Stored records:
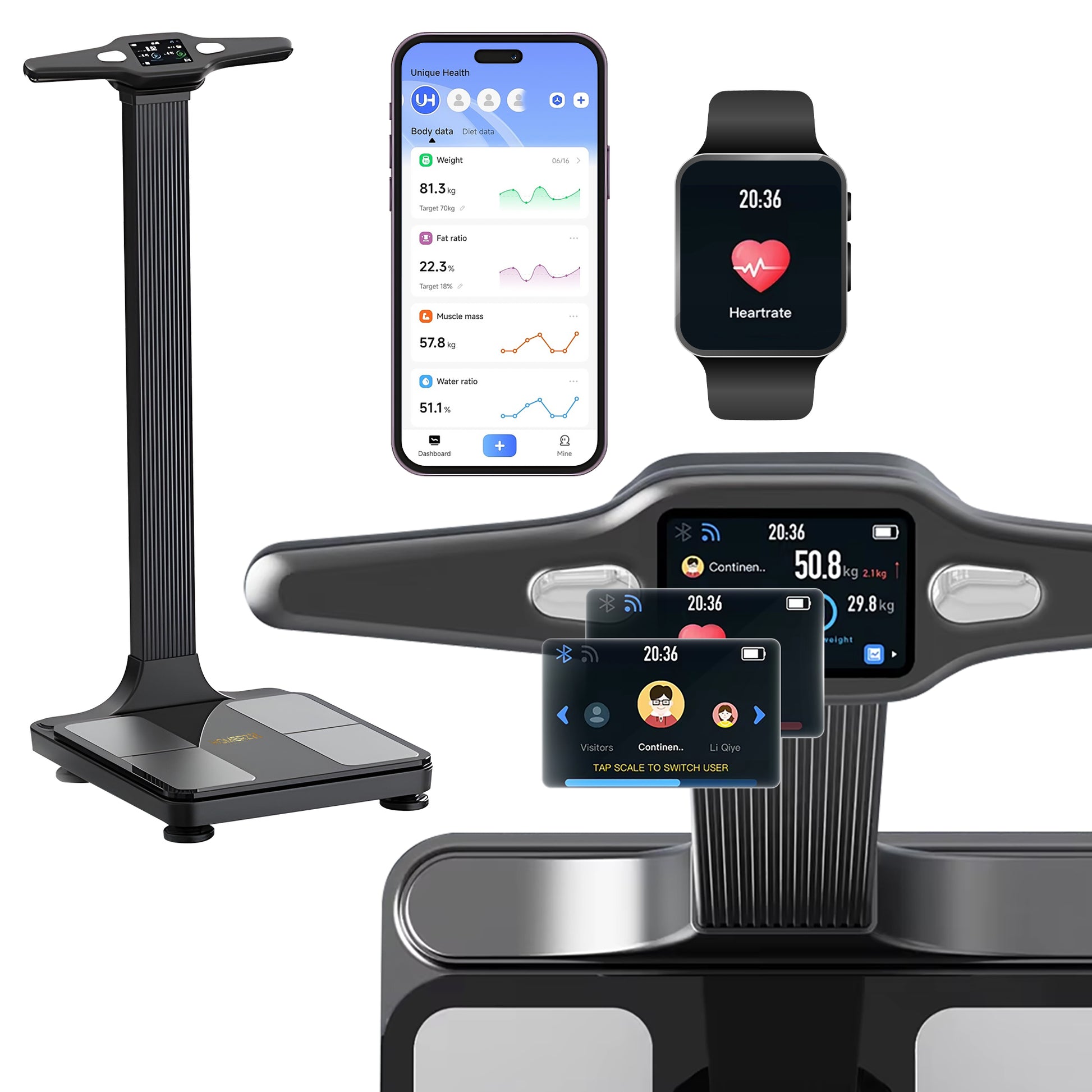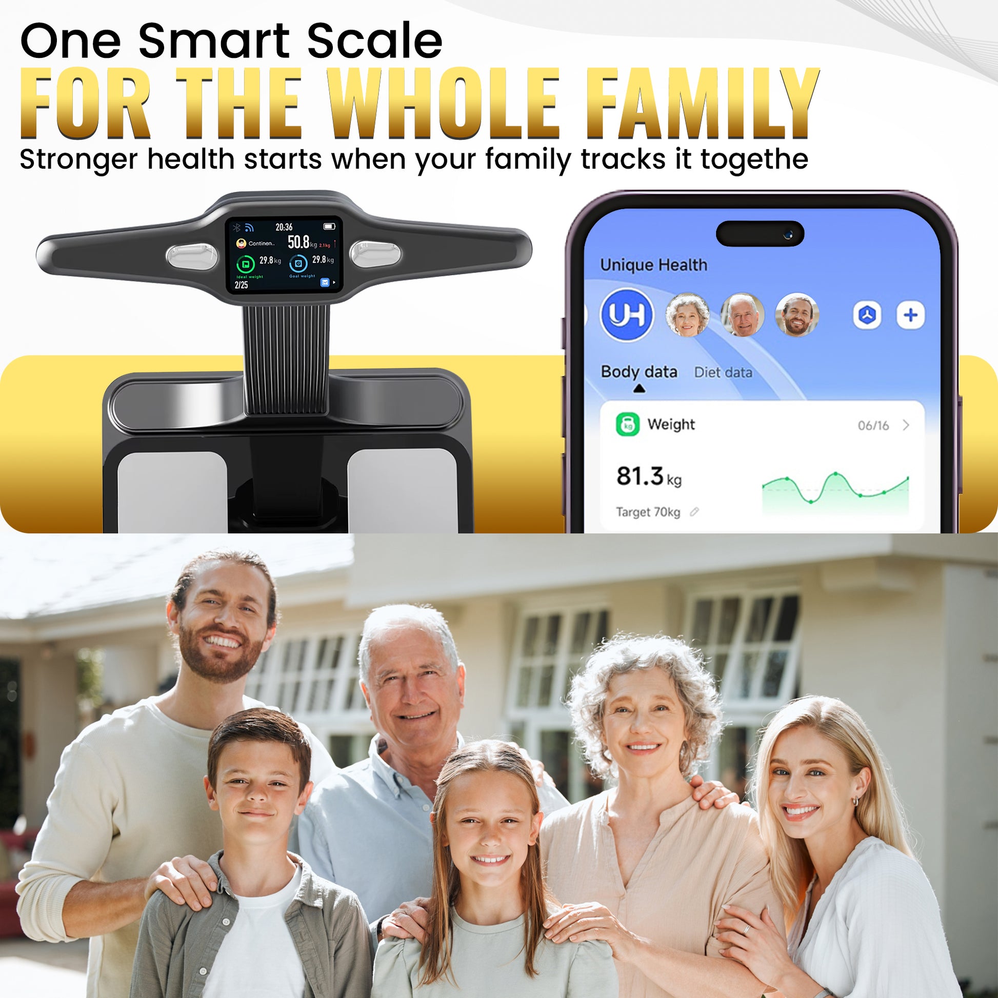 - SEAMLESS APP SYNC: Connect your smart scale with app support via WiFi or Bluetooth to sync data in real-time. Compatible with your favorite health Apps such as Apple Health, the Unique Health app stores 90 days of body composition data for up to 50 users, making this the ideal body fat scale with app for families, personal trainers, and fitness journeys.
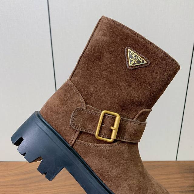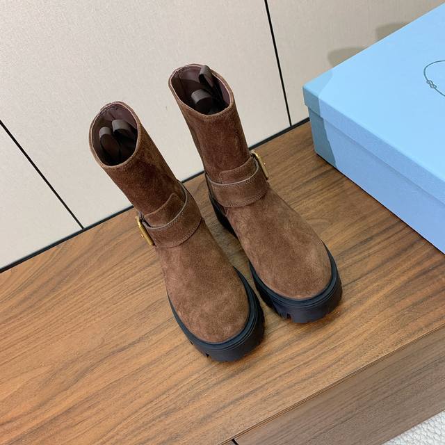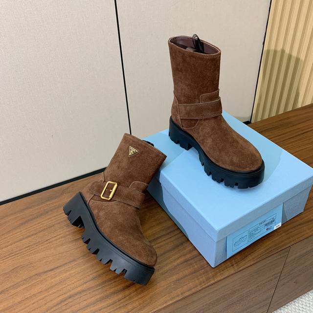 prad* 三角金属标短靴。涂珐琅三角形金属徽标装饰彰显品牌格调。惯用于精美鞋履的复古亮面皮革,打造别具现代气息的混搭设计。 DDD 材质:鞋面牛京、牛皮。牛皮内里及垫脚。带Logo 防滑鞋底。 DDD 码数:34-41 34、40、41订做不退换 DDD 批:牛京 。皮面 DDD
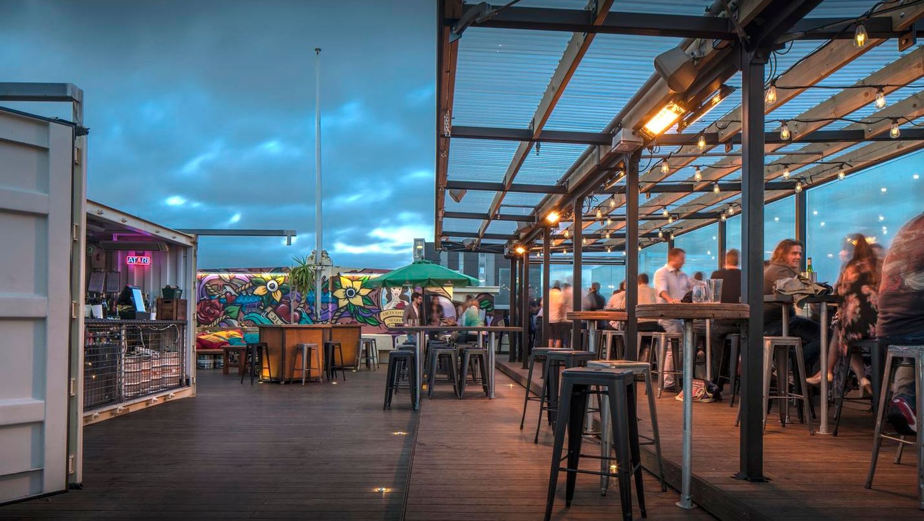 ArchiPro Project Summary - Rooftop bar and eatery featuring stunning views of Wellington harbour, designed with shipping containers and pre-fabricated shelters, offering tiered seating and a vibrant summer atmosphere on the historic Hope Gibbons building.
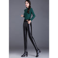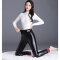 Black Fleece Lined Leggings with High Waistband for Women - Fatima
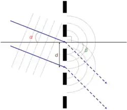 Lorsque la lumière est incidente sur un réseau de transmission, elle n'est réfléchie ou transmise qu'en certains points, les traits du réseau. Chaque trait diffuse la lumière dans toutes les directions, et ces ondes interfèrent (voir image). Comme les traits sont disposés de manière régulière, on a une alternance interférence constructive/interférence destructive selon l'angle de diffusion. On peut ainsi calculer, pour une longueur d'onde λ donnée, les angles θm pour lesquels on aura une interférence constructive[2],[3].
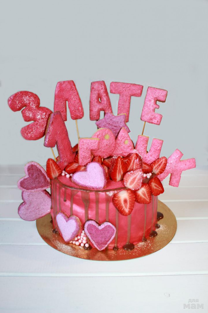Торт для девочки на День Рождения. Бисквиты Королевы Виктории, пропитанные карамельным сиропом, с начинкой из припущенной вишни внутри.
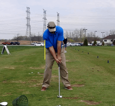 If you set up over the right side as you should be doing, you will have no shift whatsoever in any direction, and I’ll deliberately show you a 4 iron swing from 2015 when I was hitting balls at a 225-240 yard green – that is typically the distance at my range to the far green:
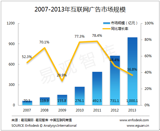 易观数据显示,2013年中国互联网广告市场规模达到1000.1亿元,较2012年增长了36.8%,增速略有放缓。易观研究发现,新技术的发展将驱动整体互联网广告市场的持续发展,尤其是DSP和RTB的概念自2012年进入中国,经过一年的教育市场,广告主和媒体开始对于新型的资源整理方式接受程度逐渐提升,这种新型广告形式开始进入快速发展期,从而将驱动整体互联网广告市场的发展。

> What to do
Any pictures above are to be left out. Retype the rest of the records exactly.

> Task answer
 - SEAMLESS APP SYNC: Connect your smart scale with app support via WiFi or Bluetooth to sync data in real-time. Compatible with your favorite health Apps such as Apple Health, the Unique Health app stores 90 days of body composition data for up to 50 users, making this the ideal body fat scale with app for families, personal trainers, and fitness journeys.
 prad* 三角金属标短靴。涂珐琅三角形金属徽标装饰彰显品牌格调。惯用于精美鞋履的复古亮面皮革,打造别具现代气息的混搭设计。 DDD 材质:鞋面牛京、牛皮。牛皮内里及垫脚。带Logo 防滑鞋底。 DDD 码数:34-41 34、40、41订做不退换 DDD 批:牛京 。皮面 DDD
 ArchiPro Project Summary - Rooftop bar and eatery featuring stunning views of Wellington harbour, designed with shipping containers and pre-fabricated shelters, offering tiered seating and a vibrant summer atmosphere on the historic Hope Gibbons building.
 Black Fleece Lined Leggings with High Waistband for Women - Fatima
 Lorsque la lumière est incidente sur un réseau de transmission, elle n'est réfléchie ou transmise qu'en certains points, les traits du réseau. Chaque trait diffuse la lumière dans toutes les directions, et ces ondes interfèrent (voir image). Comme les traits sont disposés de manière régulière, on a une alternance interférence constructive/interférence destructive selon l'angle de diffusion. On peut ainsi calculer, pour une longueur d'onde λ donnée, les angles θm pour lesquels on aura une interférence constructive[2],[3].
Торт для девочки на День Рождения. Бисквиты Королевы Виктории, пропитанные карамельным сиропом, с начинкой из припущенной вишни внутри.
 If you set up over the right side as you should be doing, you will have no shift whatsoever in any direction, and I’ll deliberately show you a 4 iron swing from 2015 when I was hitting balls at a 225-240 yard green – that is typically the distance at my range to the far green:
 易观数据显示,2013年中国互联网广告市场规模达到1000.1亿元,较2012年增长了36.8%,增速略有放缓。易观研究发现,新技术的发展将驱动整体互联网广告市场的持续发展,尤其是DSP和RTB的概念自2012年进入中国,经过一年的教育市场,广告主和媒体开始对于新型的资源整理方式接受程度逐渐提升,这种新型广告形式开始进入快速发展期,从而将驱动整体互联网广告市场的发展。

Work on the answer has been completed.